Те невольно покосились на погост, где, подобно Фоме, завывал ветер и белели, действительно, кости, овеваемые им, как и было предсказано сожженным ересиархом.
Однако на том Фома останавливаться не стал. Он, движимый своим Богом Материализмом, поднялся еще на ступеньку выше и произнес уже не страшным, а мальчишески задорным голосом:
— Но мы, товарищи передовики!.. — сказал Фома.
— Мы как материалисты!.. — продолжал Фома.

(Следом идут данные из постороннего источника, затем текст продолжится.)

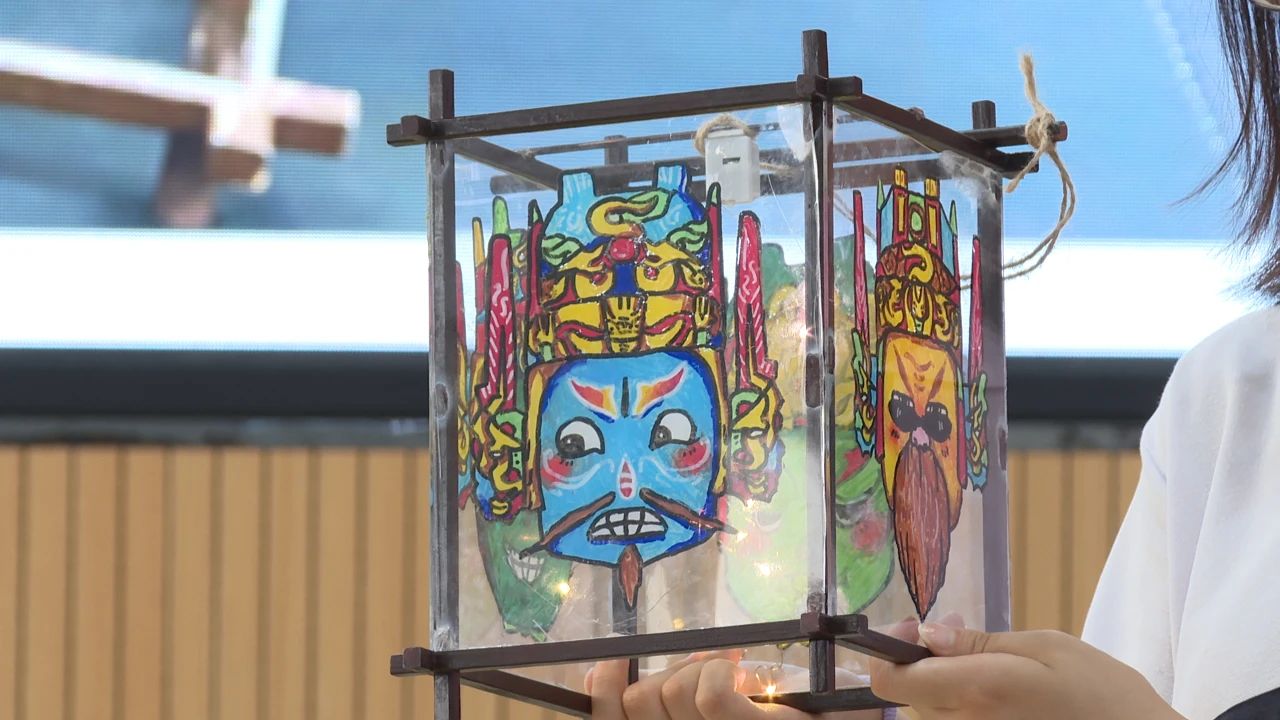 學(xué)生們的創(chuàng)新作品亮點(diǎn)紛呈。他們將地戲臉譜畫(huà)在花燈燈具上,巧妙地將花燈和地戲融合在一起。

— Мы, товарищи, разумеется, — закончил Фома, — этим поповским байкам, конечно же, не верим! — и, не глядя на погост с костями, куда-то по-быстрому ушагал.
После, оказавшись уже, по здешним меркам, в Раю, в моем нынешнем крохотном, три на четыре с половиной метра, с кухонькой и совмещенным санузлом раю на окраине Москвы, не раз вспоминал этого самого Фому, к отроческому возрасту уже закосневшего в нежелании видеть очевидное.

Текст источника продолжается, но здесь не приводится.